**PROBLEM DETAILS**. Below are the records. Reproduce exactly the lines from the one containing "- Ergonomische Liegefläche: Die" through the final line, and omit any pictures.

::::::::::

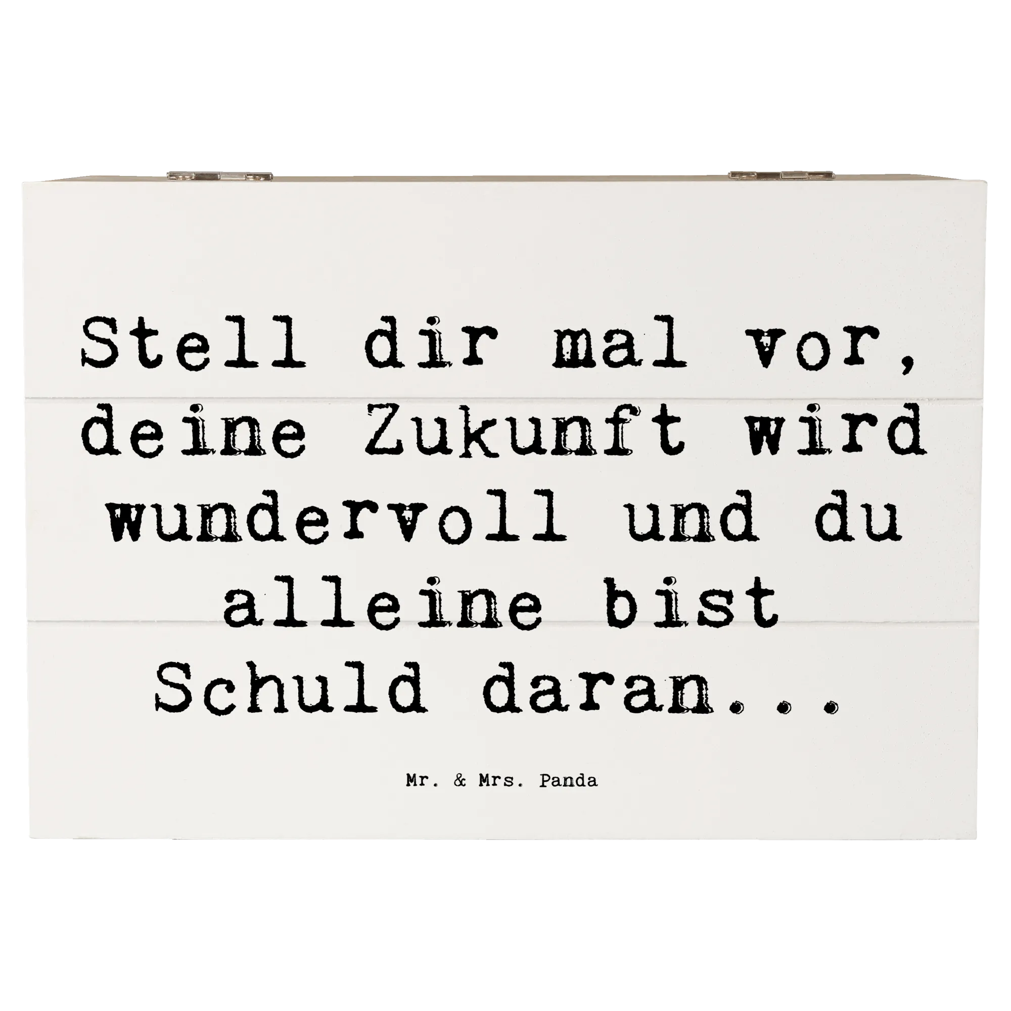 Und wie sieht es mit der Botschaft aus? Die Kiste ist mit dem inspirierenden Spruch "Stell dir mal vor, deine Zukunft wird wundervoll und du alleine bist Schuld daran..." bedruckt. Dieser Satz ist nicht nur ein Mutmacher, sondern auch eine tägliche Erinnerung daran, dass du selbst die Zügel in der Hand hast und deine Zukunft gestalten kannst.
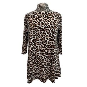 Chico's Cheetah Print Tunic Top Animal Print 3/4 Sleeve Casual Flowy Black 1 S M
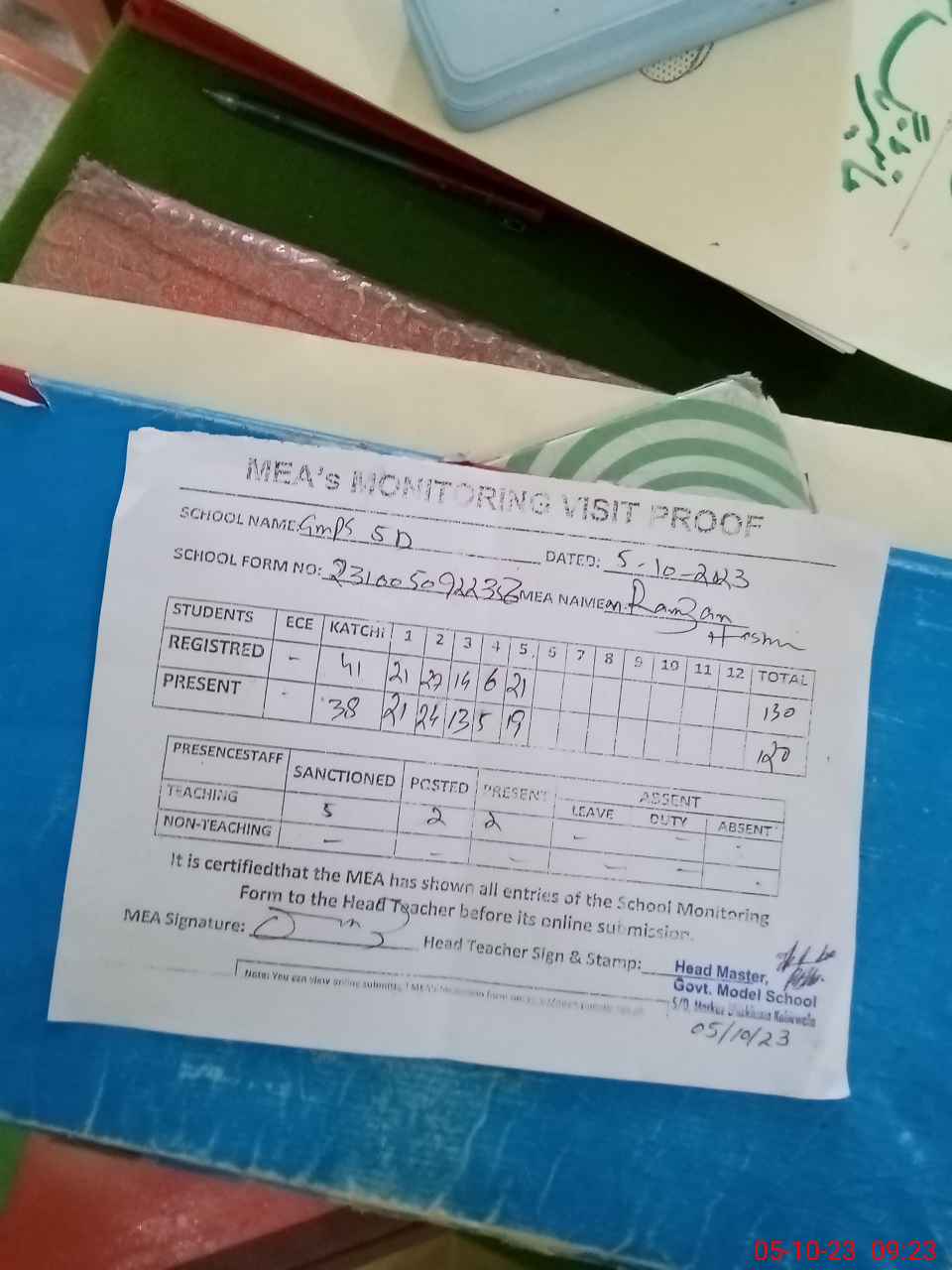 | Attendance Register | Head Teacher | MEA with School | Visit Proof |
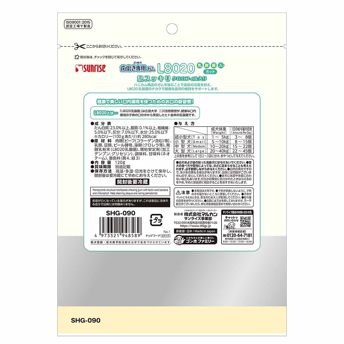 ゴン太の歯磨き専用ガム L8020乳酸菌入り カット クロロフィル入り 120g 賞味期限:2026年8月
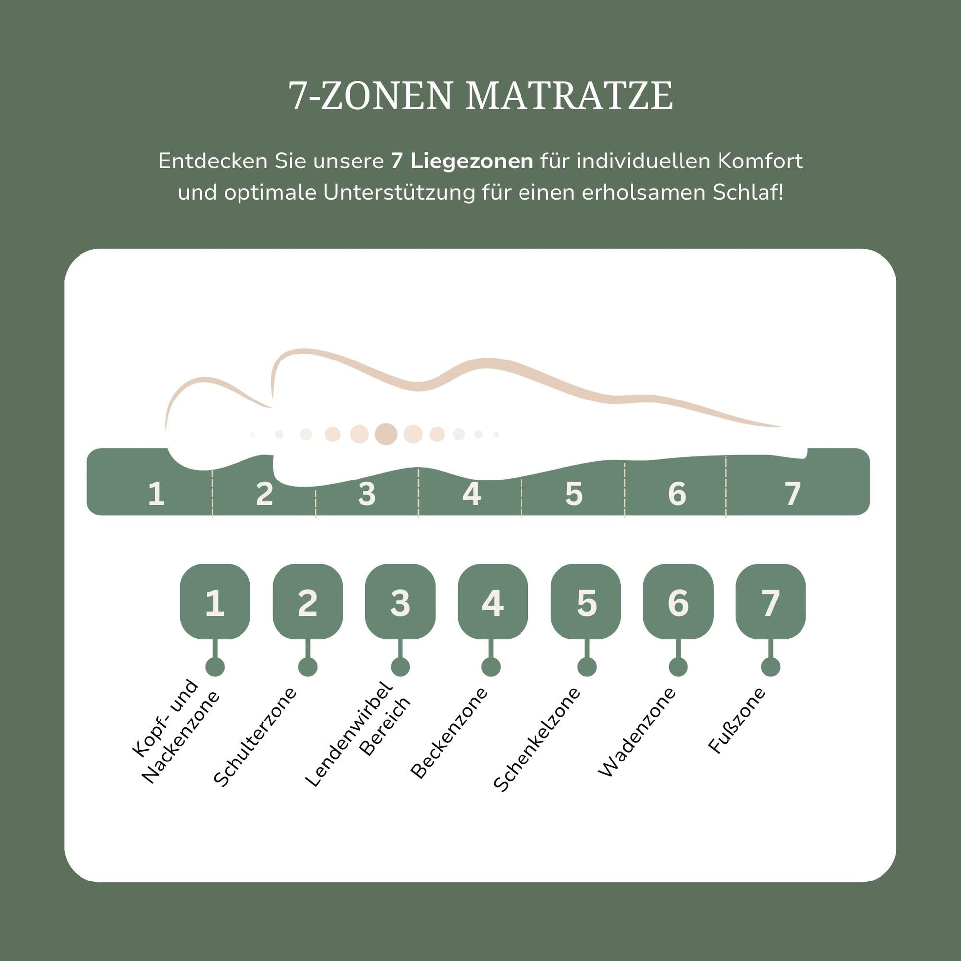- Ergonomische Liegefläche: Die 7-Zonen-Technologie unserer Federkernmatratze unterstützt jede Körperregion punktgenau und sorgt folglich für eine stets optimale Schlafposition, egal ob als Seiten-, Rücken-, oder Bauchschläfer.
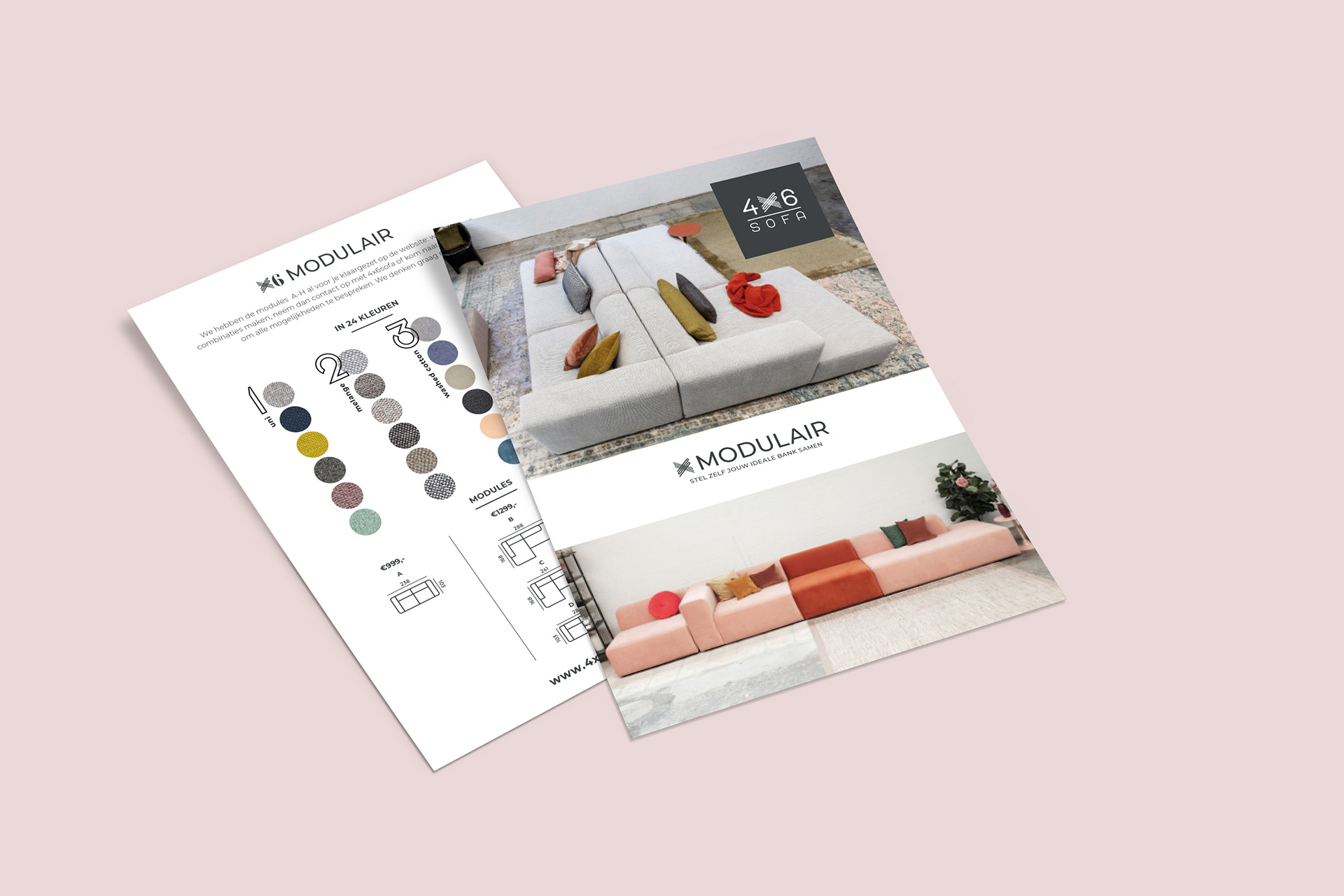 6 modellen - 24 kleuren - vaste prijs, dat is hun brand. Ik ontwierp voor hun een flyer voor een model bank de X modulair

::::::::::

**OUTPUT OF THE TASK**.
- Ergonomische Liegefläche: Die 7-Zonen-Technologie unserer Federkernmatratze unterstützt jede Körperregion punktgenau und sorgt folglich für eine stets optimale Schlafposition, egal ob als Seiten-, Rücken-, oder Bauchschläfer.
 6 modellen - 24 kleuren - vaste prijs, dat is hun brand. Ik ontwierp voor hun een flyer voor een model bank de X modulair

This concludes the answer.